*ASSIGNMENT*. Where the records below begin, start copying, and stop after the line that contains "论坛首先分别由beat365"; reproduce every line exactly but omit pictures.

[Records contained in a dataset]
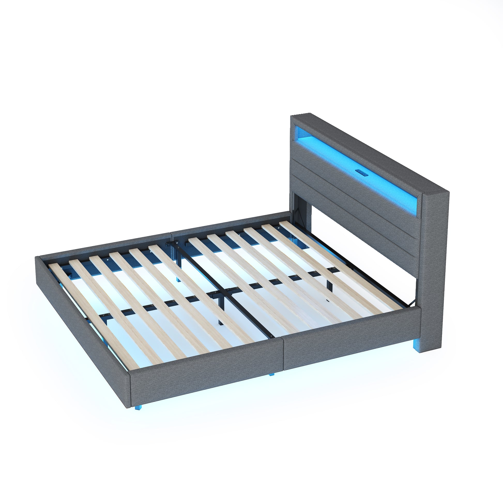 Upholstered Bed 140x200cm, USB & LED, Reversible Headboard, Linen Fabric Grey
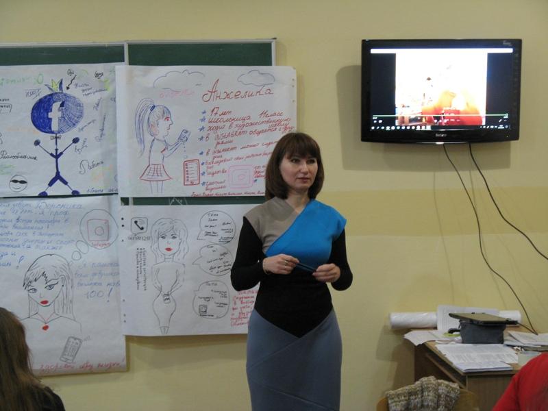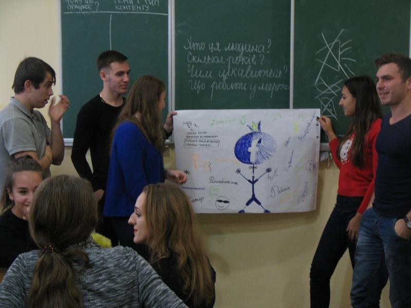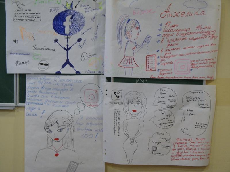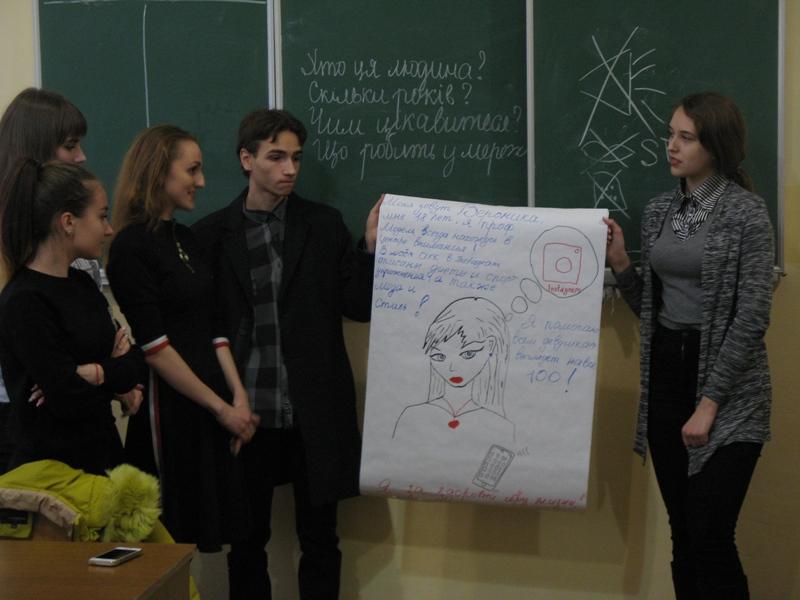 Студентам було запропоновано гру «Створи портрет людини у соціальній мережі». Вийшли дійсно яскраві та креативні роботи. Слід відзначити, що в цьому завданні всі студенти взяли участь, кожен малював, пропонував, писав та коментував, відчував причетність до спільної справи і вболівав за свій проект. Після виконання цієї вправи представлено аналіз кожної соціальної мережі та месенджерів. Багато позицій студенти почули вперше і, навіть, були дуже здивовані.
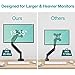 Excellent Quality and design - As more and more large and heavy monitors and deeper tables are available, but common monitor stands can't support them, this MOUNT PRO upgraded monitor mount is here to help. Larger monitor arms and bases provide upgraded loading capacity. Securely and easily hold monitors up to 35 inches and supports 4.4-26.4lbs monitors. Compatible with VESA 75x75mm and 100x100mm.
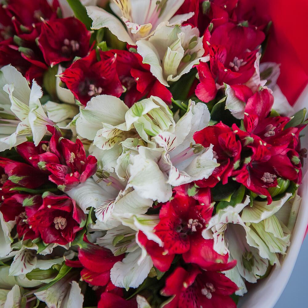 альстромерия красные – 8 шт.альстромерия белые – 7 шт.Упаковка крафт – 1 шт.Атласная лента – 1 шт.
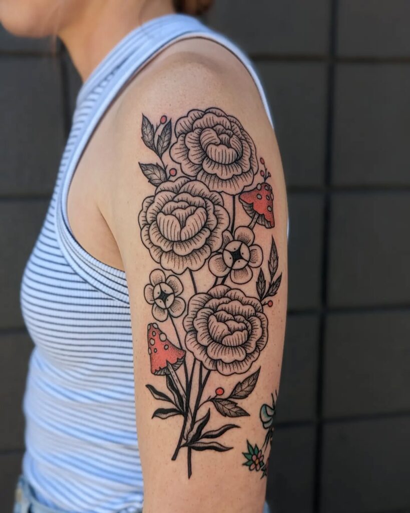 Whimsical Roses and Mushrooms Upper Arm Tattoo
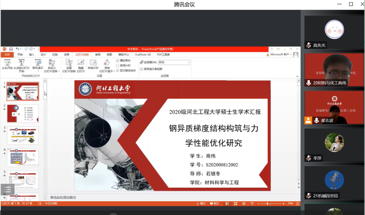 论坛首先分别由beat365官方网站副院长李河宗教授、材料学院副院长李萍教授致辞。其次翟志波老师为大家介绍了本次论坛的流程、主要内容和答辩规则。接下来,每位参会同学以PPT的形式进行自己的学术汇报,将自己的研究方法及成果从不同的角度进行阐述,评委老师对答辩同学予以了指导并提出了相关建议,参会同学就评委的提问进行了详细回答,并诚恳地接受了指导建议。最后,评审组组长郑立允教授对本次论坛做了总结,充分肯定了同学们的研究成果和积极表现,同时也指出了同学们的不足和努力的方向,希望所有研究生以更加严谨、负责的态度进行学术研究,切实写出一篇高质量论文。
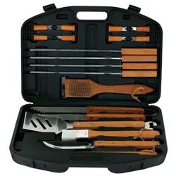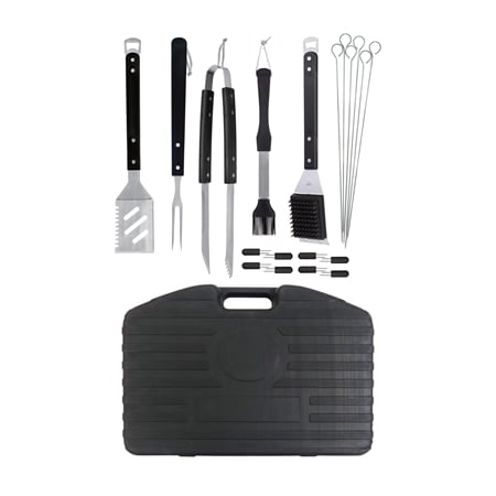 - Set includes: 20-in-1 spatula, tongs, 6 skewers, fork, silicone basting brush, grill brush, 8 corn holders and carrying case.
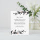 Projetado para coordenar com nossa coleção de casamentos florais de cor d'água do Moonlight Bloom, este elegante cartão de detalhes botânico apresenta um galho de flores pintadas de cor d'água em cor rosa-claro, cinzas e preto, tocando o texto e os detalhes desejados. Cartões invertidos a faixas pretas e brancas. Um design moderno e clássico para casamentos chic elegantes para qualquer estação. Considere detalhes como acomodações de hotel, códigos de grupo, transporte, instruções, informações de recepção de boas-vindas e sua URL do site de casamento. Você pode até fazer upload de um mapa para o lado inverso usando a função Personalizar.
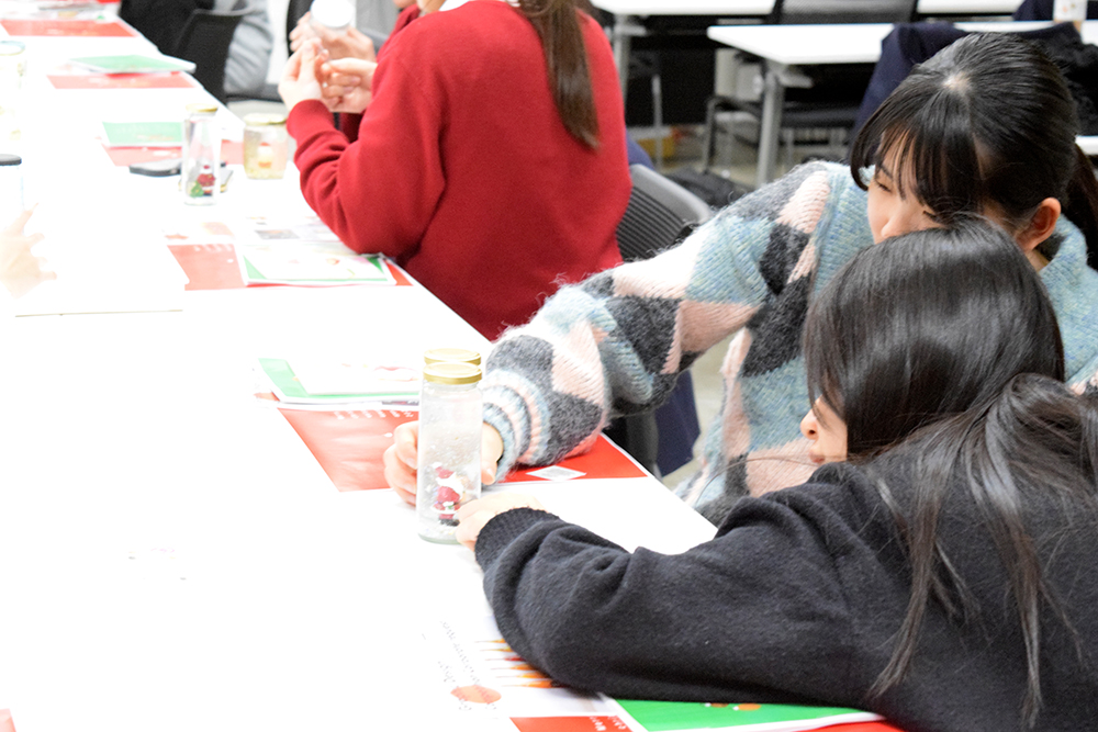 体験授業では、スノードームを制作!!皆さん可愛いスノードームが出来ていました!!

*ANSWER SECTION*.
 Upholstered Bed 140x200cm, USB & LED, Reversible Headboard, Linen Fabric Grey
 Студентам було запропоновано гру «Створи портрет людини у соціальній мережі». Вийшли дійсно яскраві та креативні роботи. Слід відзначити, що в цьому завданні всі студенти взяли участь, кожен малював, пропонував, писав та коментував, відчував причетність до спільної справи і вболівав за свій проект. Після виконання цієї вправи представлено аналіз кожної соціальної мережі та месенджерів. Багато позицій студенти почули вперше і, навіть, були дуже здивовані.
 Excellent Quality and design - As more and more large and heavy monitors and deeper tables are available, but common monitor stands can't support them, this MOUNT PRO upgraded monitor mount is here to help. Larger monitor arms and bases provide upgraded loading capacity. Securely and easily hold monitors up to 35 inches and supports 4.4-26.4lbs monitors. Compatible with VESA 75x75mm and 100x100mm.
 альстромерия красные – 8 шт.альстромерия белые – 7 шт.Упаковка крафт – 1 шт.Атласная лента – 1 шт.
 Whimsical Roses and Mushrooms Upper Arm Tattoo
 论坛首先分别由beat365官方网站副院长李河宗教授、材料学院副院长李萍教授致辞。其次翟志波老师为大家介绍了本次论坛的流程、主要内容和答辩规则。接下来,每位参会同学以PPT的形式进行自己的学术汇报,将自己的研究方法及成果从不同的角度进行阐述,评委老师对答辩同学予以了指导并提出了相关建议,参会同学就评委的提问进行了详细回答,并诚恳地接受了指导建议。最后,评审组组长郑立允教授对本次论坛做了总结,充分肯定了同学们的研究成果和积极表现,同时也指出了同学们的不足和努力的方向,希望所有研究生以更加严谨、负责的态度进行学术研究,切实写出一篇高质量论文。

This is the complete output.